A total of 3780 (∼54%) MPO terms were mapped to unique UMLS CUIs of the semantic group ‘Disorder’ with different scores. Table 1 provides the percentage of MPO terms mapped to different UMLS semantic types, the range of scores for each of the 33 principal root nodes, and the children terms in the MPO. 415 (∼6%) MPO terms were mapped to more than one UMLS CUI.
Table 1.
Root MPO ID | Root MPO term | Number of children terms | Percentage of children terms mapped | Percentage of mapped MPO terms with MetaMap scores (1000 = perfect score) |
|||
---|---|---|---|---|---|---|---|
1000 | 800–999 | 600–799 | <600 | ||||
MP:0003631 | Nervous system phenotype | 1027 | 50 | 34 | 12 | 4 | 0 |
MP:0005387 | Immune system phenotype | 913 | 42 | 28 | 10 | 4 | 0 |
MP:0005389 | Reproductive system phenotype | 549 | 53 | 38 | 10 | 5 | 0 |
MP:0005376 | Homeostasis/metabolism phenotype | 450 | 42 | 22 | 7 | 13 | 0 |
MP:0005385 | Cardiovascular system phenotype | 434 | 66 | 44 | 19 | 3 | 0 |
MP:0005381 | Digestive/alimentary phenotype | 369 | 63 | 44 | 14 | 4 | 0 |
MP:0005382 | Craniofacial phenotype | 352 | 59 | 45 | 11 | 1 | 2 |
MP:0005386 | Behavior/neurological phenotype | 282 | 62 | 31 | 28 | 2 | 0 |
MP:0005393 | Skin/coat/nails phenotype | 261 | 53 | 33 | 17 | 3 | 0 |
MP:0005391 | Vision/eye phenotype | 243 | 72 | 55 | 15 | 2 | 0 |
MP:0005390 | Skeleton phenotype | 237 | 56 | 39 | 14 | 3 | 0 |
MP:0005377 | Hearing/vestibular/ear phenotype | 222 | 46 | 26 | 13 | 5 | 3 |
MP:0005367 | Renal/urinary system phenotype | 191 | 64 | 44 | 15 | 5 | 1 |
MP:0002006 | Tumorigenesis | 174 | 91 | 75 | 16 | 1 | 0 |
MP:0005388 | Respiratory system phenotype | 170 | 61 | 45 | 12 | 4 | 0 |
MP:0005380 | Embryogenesis phenotype | 168 | 35 | 17 | 12 | 7 | 0 |
MP:0005371 | Limbs/digits/tail phenotype | 163 | 55 | 36 | 17 | 3 | 0 |
MP:0005369 | Muscle phenotype | 137 | 55 | 26 | 27 | 1 | 0 |
MP:0005384 | Cellular phenotype | 116 | 34 | 19 | 14 | 1 | 0 |
MP:0005397 | Hematopoietic system phenotype | 103 | 64 | 44 | 13 | 8 | 0 |
MP:0005370 | Liver/biliary system phenotype | 91 | 71 | 60 | 10 | 1 | 0 |
MP:0005375 | Adipose tissue phenotype | 90 | 34 | 16 | 16 | 3 | 0 |
MP:0005379 | Endocrine/exocrine gland phenotype | 85 | 59 | 51 | 6 | 2 | 0 |
MP:0005378 | Growth/size phenotype | 71 | 62 | 38 | 24 | 0 | 0 |
MP:0005394 | Taste/olfaction phenotype | 15 | 73 | 33 | 0 | 40 | 0 |
MP:0005392 | Touch/vibrissae phenotype | 13 | 92 | 8 | 46 | 38 | 0 |
MP:0001186 | Pigmentation phenotype | 12 | 75 | 42 | 33 | 0 | 0 |
MP:0005374 | Lethality-prenatal/perinatal | 11 | 82 | 18 | 64 | 0 | 0 |
MP:0005395 | Other phenotype | 10 | 40 | 40 | 0 | 0 | 0 |
MP:0005372 | Life span-post-weaning/aging | 10 | 30 | 20 | 10 | 0 | 0 |
MP:0002873 | Normal phenotype | 5 | 0 | 0 | 0 | 0 | 0 |
MP:0005373 | Lethality-postnatal | 3 | 67 | 33 | 0 | 33 | 0 |
MP:0003012 | No phenotypic analysis | 1 | 0 | 0 | 0 | 0 | 0 |
We did not do a direct MPO to HPO mapping but instead used the existing HPO to UMLS mappings (available in the HPO obo file).

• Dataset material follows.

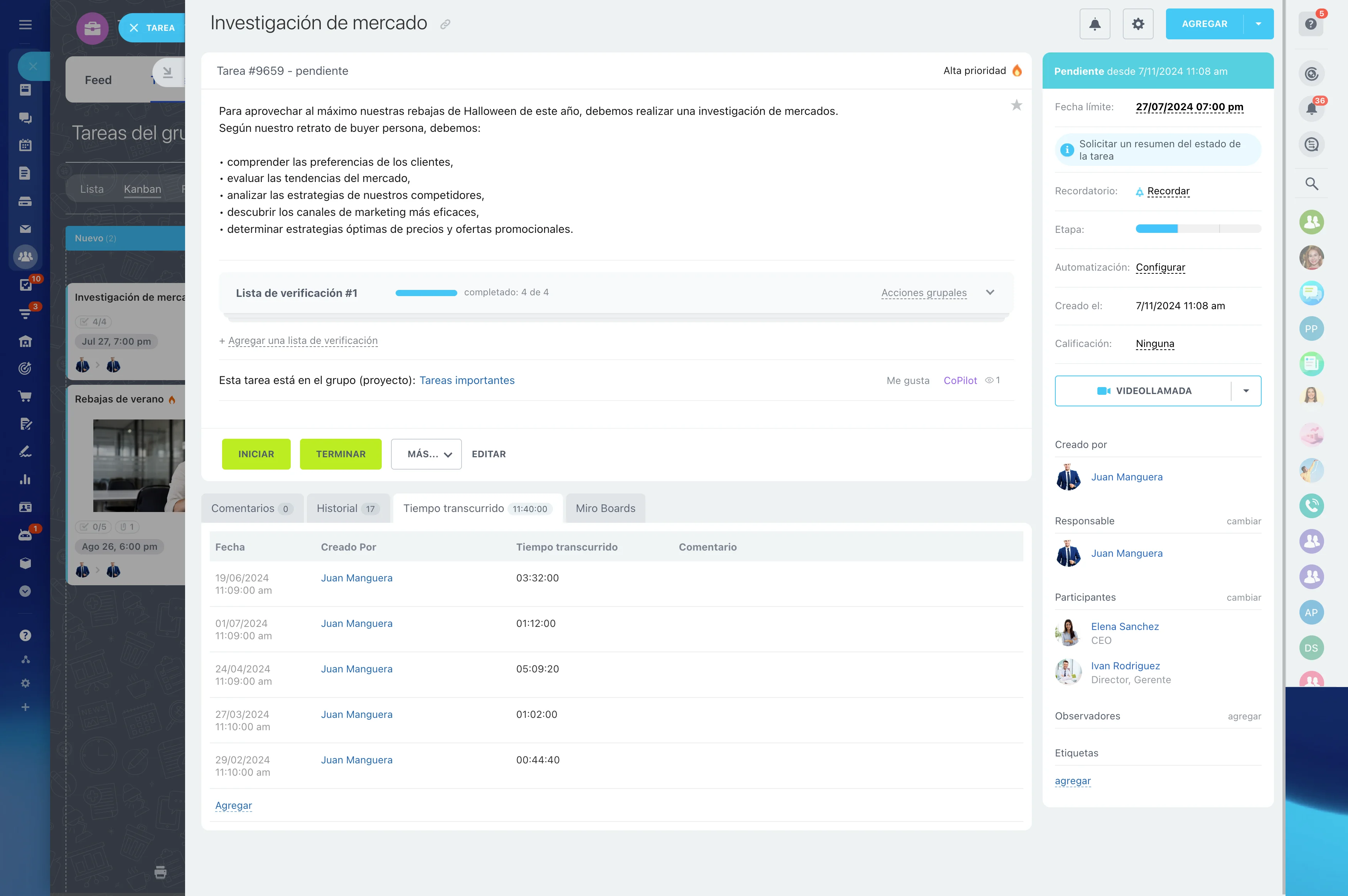 Todos los cambios en el seguimiento de la tarea se reflejan en el historial de la tarea. Ahí podrás ver cuántas veces se pausó una tarea, la duración de las pausas y el ritmo de trabajo general.

In other words, if an MPO term and HPO term map to the same UMLS concept, we consider it as a MPO-HPO term match.
Mapping MPO to OMIM
We used NCBI Entrez programming utilities (eUtils) (23) to map the MPO terms to OMIM records. The NCBI eUtils are tools which allow users to access NCBI’s Entrez databases and search and retrieve data from them. The results generated are similar to the results one obtains when querying NCBI databases through web interfaces. We used the eSearch tool from eUtils to map MPO terms to OMIM records and retrieve all mapped OMIM record IDs. We used both the MPO terms and their synonyms as queries. The eUtils Web service accepts a term and returns the associated OMIM IDs. In the preliminary runs, we observed that eUtils performs an exact string-based comparison with the OMIM records using the term submitted. Thus, it fails to accommodate the variations of terms (plurals or synonyms). For instance, the number of hits returned when using queries like ‘eye abnormality’, ‘eye abnormalities’, ‘eye disorder’, ‘eye disorders’, ‘eye defect’, ‘eye defects’ and ‘abnormal eye’ were different. To overcome this limitation, we pre-processed all MPO terms prior to submission to eUtils along the lines described earlier and merged the results obtained for each of the variable queries representing one unique MPO term. Since the eUtils has a restriction on the number of queries (not >3 queries per second), we submitted our requests in batches of three terms at a time. The results (MPO to OMIM mappings) obtained from eUtils were assigned empirical scores based on the context of the MPO term (i.e. its occurrence in a specific section(s) of the mapped OMIM record). If an MPO term was mapped to the ‘Allelic Variant’ section and also to the ‘Clinical Synopsis’ or ‘Clinical Features’ section of the mapped OMIM record, we assigned a perfect score of 1000 (see the ‘Help’ and ‘FAQ’ sections on the PhenoHM home page for additional details of scoring adopted). Simultaneously, we also built a database of all available allelic variants, clinical synopsis, clinical features, pathogenesis and genotype/phenotype correlations in the OMIM records by parsing the OMIM XML files.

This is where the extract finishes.